Stollznow exemplifies the new skepticism. An expat from Australia with a PhD in linguistics, she came to the United States in 2004 to do research at UC Berkeley. Now Stollznow writes columns for both Skeptic and Skeptical Inquirer magazines, hosts two podcasts (Monster Talk and Point of Inquiry) and is a research fellow with the JREF and CSI. In late 2011 she was a guest on CNN’s Anderson Cooper 360°, providing the skeptical viewpoint on people who charge thousands of dollars to remove “curses” from the gullible.

“I don’t really consider it skepticism,” she says. “It’s just the new common sense. Our movement and our way of thinking is growing tremendously. Belief in witchcraft and the supernatural is steadily dying out, and we have something to do with that.”

Ironically, Stollznow’s path to skepticism began with a personal interest in the paranormal. As a child, she was interested in tales of ghosts and ESP, but the deeper she read about them, the more she began to realize that evidence was lacking.

Intrigued, she contacted Australian Skeptics and began to work with them. She went undercover to psychic parlors, where she would receive “wild diagnoses” about her health that follow-ups with a medical doctor dismissed. She was taught to recognize the tricks and trades of psychics, and she realized that opposing them was a cause she wanted to embrace. “Belief isn’t harmless,” she says.
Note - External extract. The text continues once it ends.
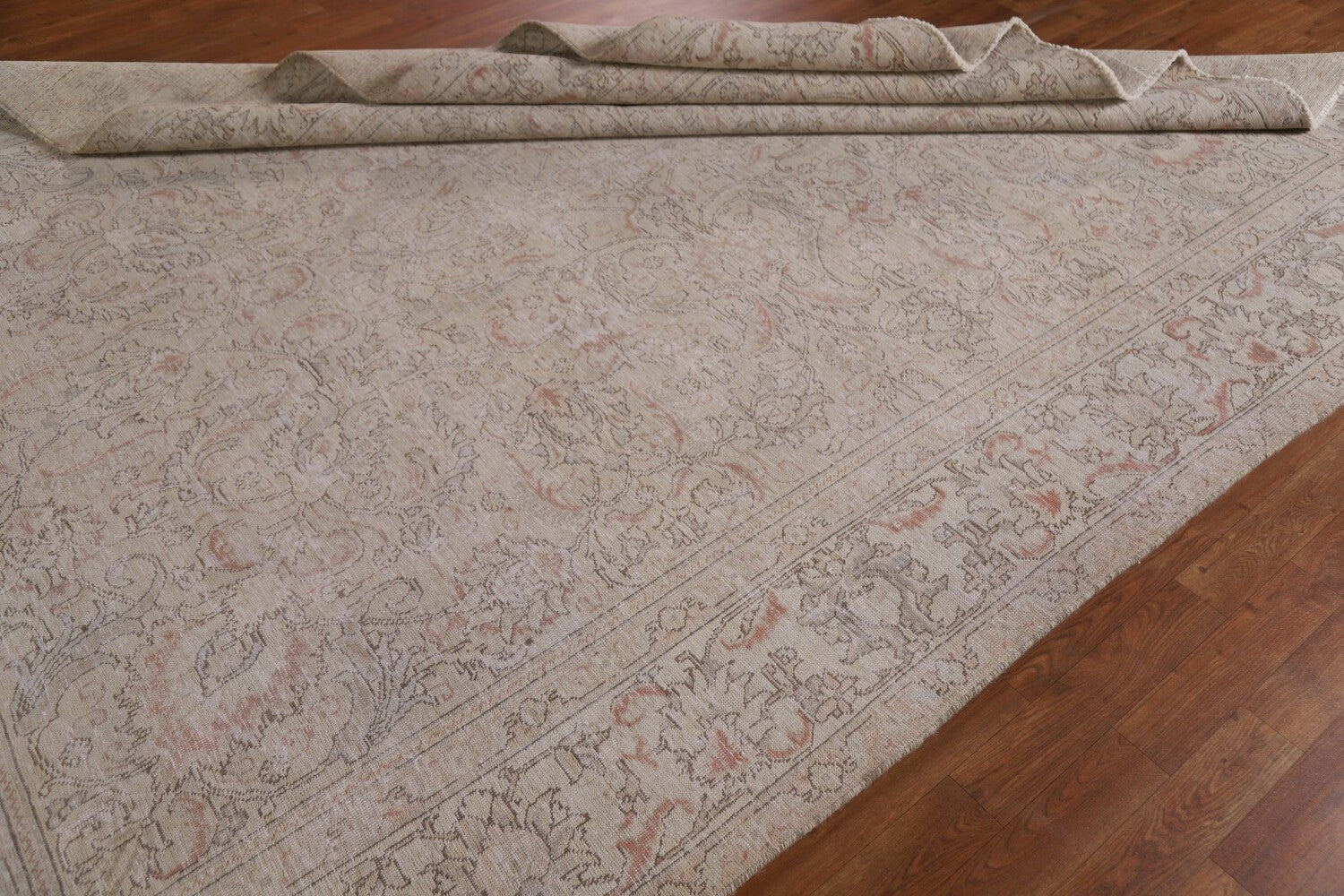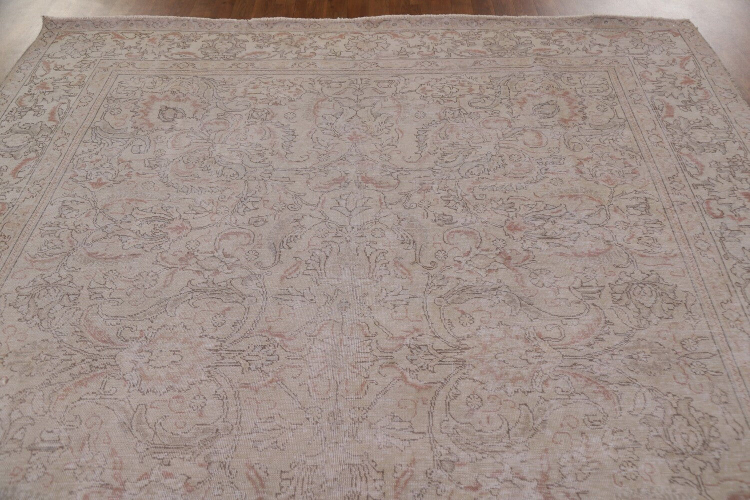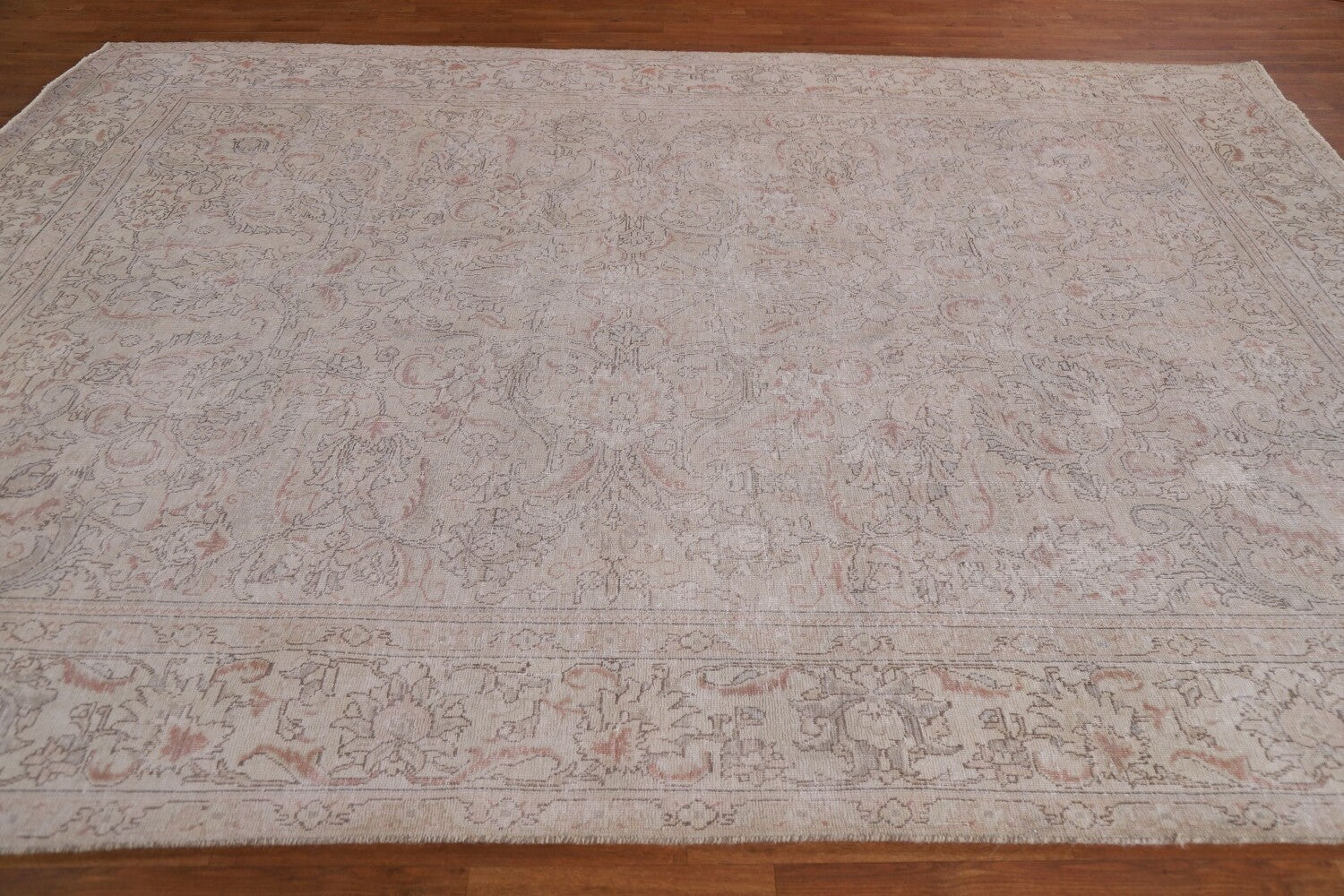 A Beautiful Genuine Persia ( Persia ) Tabriz rug is Hand Knotted by skillful weavers in Persia ( Persia ) with 100% Wool Material. This rug is in Very Good (Evenly Low Pile) condition. dimensions are 10' 7'' X 8' 3'' in foot and 323 X 251 in centimeter. the primary color is Beige & Ivories.

Dr. Steven Novella, director of General Neurology at Yale University School of Medicine, is another prominent voice in the skeptical community. In 1996 he was one of the founders of the New England Skeptical Society, and in 2005 he joined the burgeoning podcast world in launching the Skeptic’s Guide to the Universe (SGU).

“Systematic doubt and critical thinking are essential to any free society,” says Novella. “Especially in a democracy, where citizens make decisions about their civilization, the ability to think critically—and to question information—is absolutely crucial.”

SGU takes a casual, informal, and accessible approach to its subjects. Comprised of a team of so-called rogues, including Skepchick’s Rebecca Watson, the podcast is one of the finest examples of polished skeptical activism. Its panelists cover news items of scientific interest, feature famous guest interviews, and conduct regular segments like “Science Fact or Fiction” and “Name That Logical Fallacy.” They’ve even started making short films, and in 2011 hosted a special twenty-four-hour talkathon with special guests like Adam Savage.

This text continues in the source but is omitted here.